Streaming Reader Migration

Before: getRowsIterator()

The old getRowsIterator() was a synchronous generator that materialized the entire sheet buffer first, then yielded rows one at a time. It reduced peak JS object count but not peak Rust memory.

typescript
const wb = Workbook.openSync('large.xlsx');
for (const row of wb.getRowsIterator('Sheet1')) {
  process(row);
}

After: openSheetReader()

The new openSheetReader() returns a SheetStreamReader that reads rows in batches directly from the ZIP entry without materializing the entire sheet.

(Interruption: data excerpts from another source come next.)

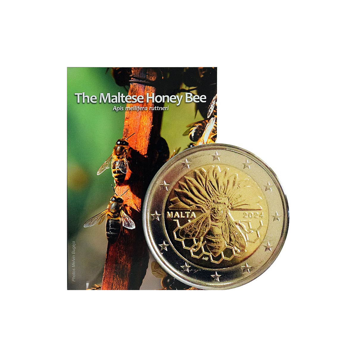 Pamätná 2 Euro minca Malty, emitovaná v roku 2024. Táto zberateľská eurominca bola vydaná s názvom "Maltská Včela medonosná" ako pripomienka dôležitosti včiel pri opeľovaní, ktoré je kľúčové pre globálnu produkciu potravín.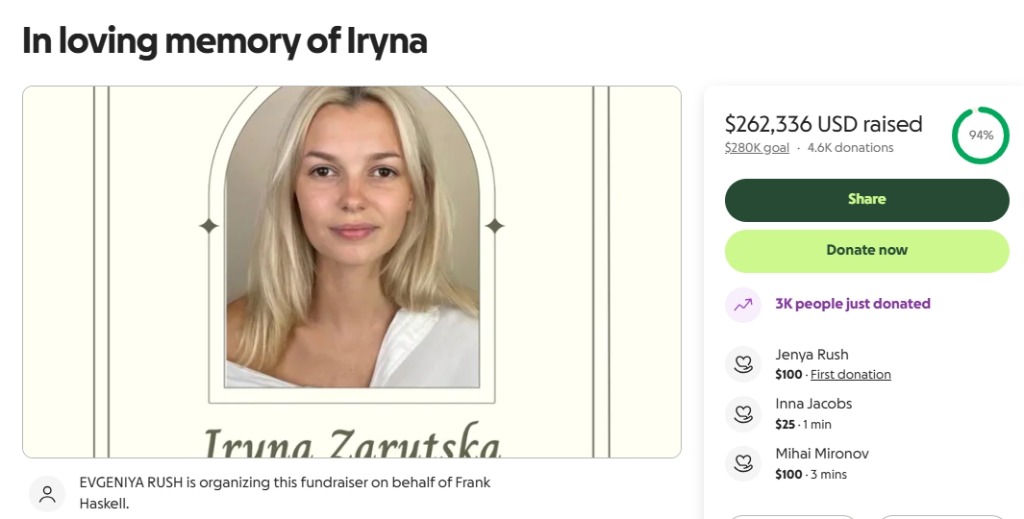 “这对她的家人来说是无法弥补的损失。我们发起了这项募捐活动,希望在这个令人心碎的时刻,支持瓦莱丽亚(伊琳娜的母亲)和她的亲人,并帮助他们支付意外开支”。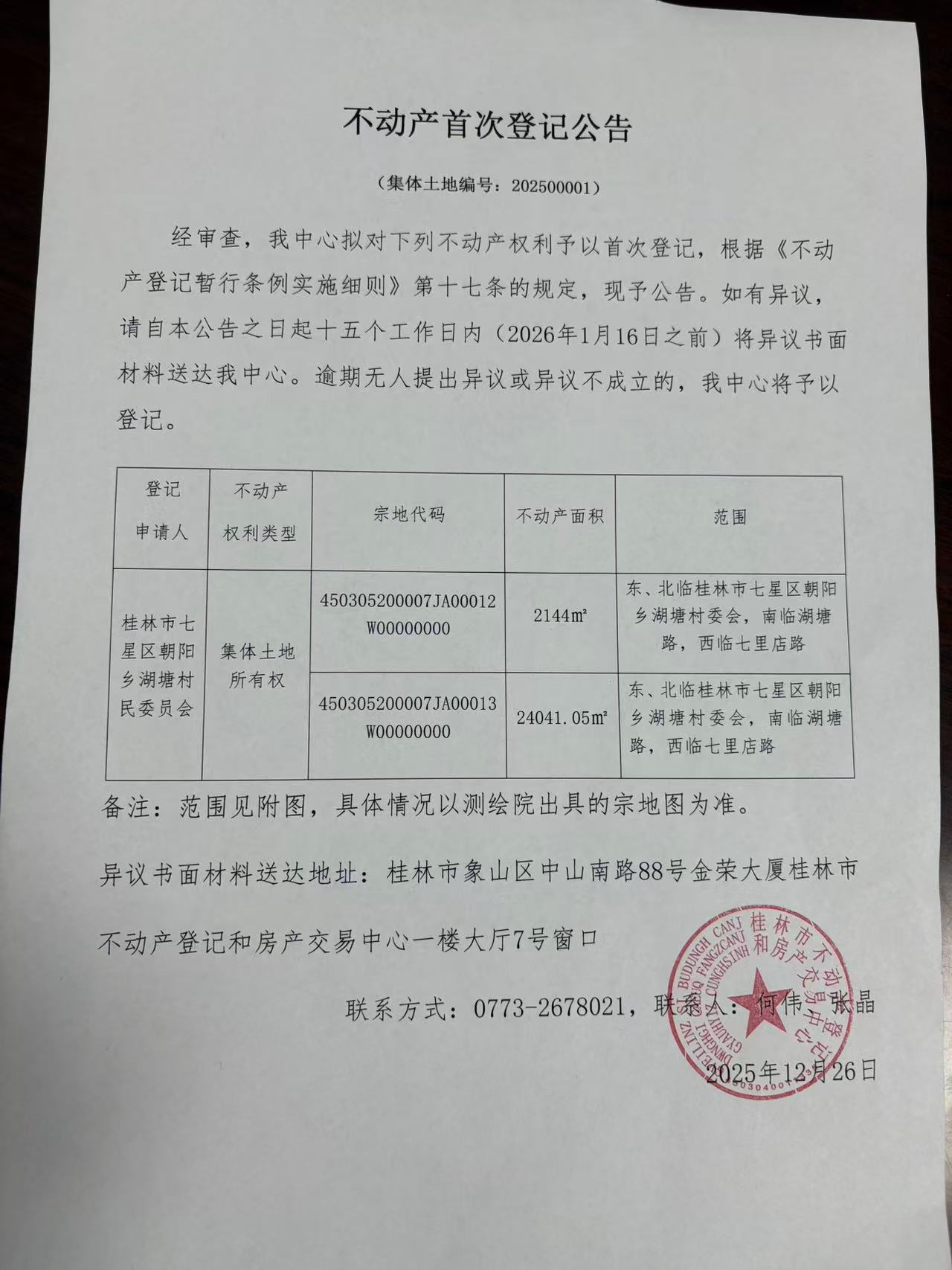 关于桂林市七星区朝阳乡湖塘村民委员会的首次登记公告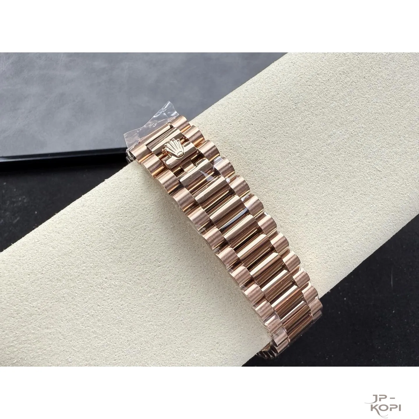 ケース・ベゼル・ブレスレットは904Lステンレスにローズゴールドメッキを施し、気品ある輝きを実現。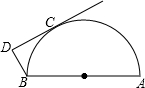 如图所示,已知AB是半圆O的直径,CD切半圆于C,BD⊥CD,若AB=2,∠DBA=140°,求BC的长.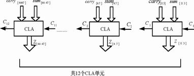 在Wallace tree阵列中,Wallace tree的每一列都产生一个初步的进位项和一个初步的加法结果,最后必须使用一个快速加法器将所有的进位项和加法结果加起来。为了获得较高性能,一般采用先行进位加法器(CLA),它可以同时产生所有的进位项,因而可以获得极高的速度,在最坏情况下的延迟正比于n。但是随着位数的增加,进位项变得越来越复杂,相应地消耗的面积越来越大,同时速度也无法得到保证。研究表明,CLA的最佳位数是4位,这时可以在速度与面积之间取得最优的折衷。在本设计中,加数共有48位,因此将它分成12块,每块4位,块与块之间通过块间进位串联,每一块的进位只影响本块中的位,不影响更高块的位。图5为最终加法器的实现。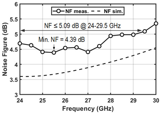In Figure 16, the measured NF of the RX channel is shown. The minimum NF of 4.39 dB is achieved at 25.5 GHz and the NF remains less than 5.09 dB across the 24–29.5 GHz band.

Memory usage is bounded by the batch size.

typescript
const wb = await Workbook.open('large.xlsx', { readMode: 'stream' });
const reader = await wb.openSheetReader('Sheet1', { batchSize: 500 });

for await (const batch of reader) {
  for (const row of batch) {
    process(row);
  }
}

Key differences:

  • openSheetReader() is async and returns a SheetStreamReader.
  • The reader implements the async iterator protocol (for await...of).
  • Each iteration yields an array of rows (a batch), not a single row.
  • Memory usage is bounded: only one batch of rows is in memory at a time.
  • Call reader.close() to release resources early, or let the for await loop handle it automatically.

Manual Batch Control

typescript
const reader = await wb.openSheetReader('Sheet1');

while (true) {
  const batch = await reader.next(1000); // custom batch size per call
  if (batch === null) break;
  for (const row of batch) {
    process(row);
  }
}

await reader.close();

Raw Buffer V2

getRowsBufferV2() produces a v2 binary buffer that inlines string data instead of using a separate global string table. This enables incremental row-by-row decoding without eagerly materializing all strings.

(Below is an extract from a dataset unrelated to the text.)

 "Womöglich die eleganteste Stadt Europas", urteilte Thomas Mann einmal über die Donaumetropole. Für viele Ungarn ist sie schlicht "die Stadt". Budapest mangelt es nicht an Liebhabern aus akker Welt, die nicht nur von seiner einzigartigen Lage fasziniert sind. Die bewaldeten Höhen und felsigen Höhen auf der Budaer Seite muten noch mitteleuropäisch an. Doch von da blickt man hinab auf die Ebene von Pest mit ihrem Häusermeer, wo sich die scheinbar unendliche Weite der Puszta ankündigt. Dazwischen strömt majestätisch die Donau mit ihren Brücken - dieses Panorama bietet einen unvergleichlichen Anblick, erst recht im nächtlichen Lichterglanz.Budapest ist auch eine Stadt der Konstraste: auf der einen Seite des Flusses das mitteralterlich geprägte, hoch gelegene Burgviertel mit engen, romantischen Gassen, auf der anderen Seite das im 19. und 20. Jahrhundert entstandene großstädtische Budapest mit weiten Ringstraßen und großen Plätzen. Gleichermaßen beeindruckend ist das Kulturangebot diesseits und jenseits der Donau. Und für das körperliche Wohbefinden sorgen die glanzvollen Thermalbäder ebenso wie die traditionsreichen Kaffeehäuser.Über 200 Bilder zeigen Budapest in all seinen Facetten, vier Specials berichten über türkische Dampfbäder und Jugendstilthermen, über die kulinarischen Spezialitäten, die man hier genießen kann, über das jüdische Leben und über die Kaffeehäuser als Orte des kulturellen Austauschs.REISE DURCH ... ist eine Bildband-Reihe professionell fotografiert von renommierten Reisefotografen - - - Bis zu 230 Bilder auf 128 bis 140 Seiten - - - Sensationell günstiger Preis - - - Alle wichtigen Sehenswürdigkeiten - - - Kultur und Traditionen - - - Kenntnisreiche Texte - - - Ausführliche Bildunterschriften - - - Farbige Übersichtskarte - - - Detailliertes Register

The v1 format (getRowsBuffer()) is still available and fully supported.

typescript
// V1 (unchanged)
const bufV1 = wb.getRowsBuffer('Sheet1');

// V2 (new): inline strings, better for streaming decoders
const bufV2 = wb.getRowsBufferV2('Sheet1');

Use v2 when building custom streaming decoders or when you need to decode rows incrementally. For most use cases, the higher-level APIs (getRows(), getRowsRaw(), SheetData) handle format selection automatically.

Copy-on-Write Save

Workbooks opened in lazy mode use a copy-on-write save pipeline. When you save a lazy-opened workbook without modifying any sheets, unchanged sheet XML is written directly from the original ZIP entry without being parsed and re-serialized. This reduces save latency for workflows that modify only a subset of sheets.

typescript
// Open large file, modify one sheet, save
const wb = await Workbook.open('100-sheets.xlsx');
wb.setCellValue('Sheet1', 'A1', 'Updated');
await wb.save('output.xlsx');
// Only Sheet1 is re-serialized. The other 99 sheets are copied as-is.

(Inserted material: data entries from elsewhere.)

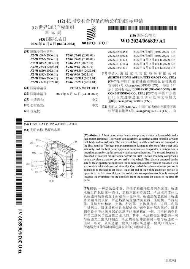 - 海信家電公布國際專利申請:“熱泵熱水器”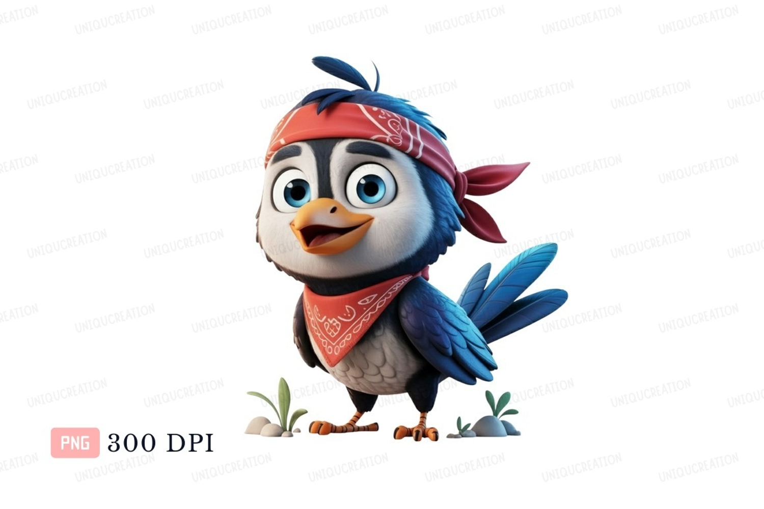Character Cartoon Cute Bandana Blue Bird Feathers Red Beak Avian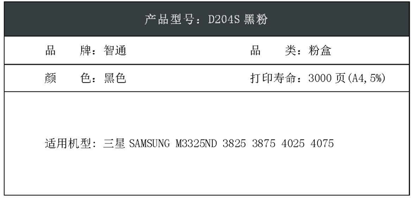 智通(ZT) D204S PLUS版 带芯片 3000页 适用三星SAMSUNG M3325ND 3825 3875 4025 4075 粉盒 1.00 只/个 (计价单位:个) 黑色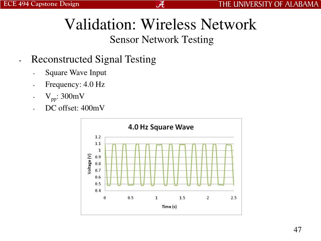 Validation: Wireless Network Sensor Network Testing • Reconstructed Signal Testing • Square Wave Input • Frequency: 4.0 Hz • Vpp: 300mV • DC offset: 400mV

This is transparent and requires no code changes. Modified sheets are tracked automatically via per-sheet dirty flags.

Full Migration Checklist

  1. Replace parseMode: 'full' with readMode: 'eager' (or remove it to use the default 'lazy').
  2. Replace parseMode: 'readfast' with readMode: 'lazy'.
  3. Replace getRowsIterator() with openSheetReader() and update to async iteration.
  4. If you rely on all auxiliary parts being available immediately after open, add auxParts: 'eager' to your open options.
  5. Test that cell-access methods still work -- lazy mode hydrates sheets transparently.
  6. Consider using readMode: 'stream' with openSheetReader() for very large files where you do not need random cell access.

Compatibility Notes

  • The old JsOpenOptions type with sheetRows, sheets, maxUnzipSize, and maxZipEntries fields is still accepted by all open methods. Only parseMode is not recognized.
  • getRowsIterator() still exists and works. It is not removed, but openSheetReader() is preferred for new code because it provides true bounded-memory streaming.
  • getRowsBuffer() (v1) is not deprecated. V1 and V2 formats coexist.
  • All sync methods (openSync, saveSync, openBufferSync, writeBufferSync) continue to work unchanged.

Released under the MIT / Apache-2.0 License.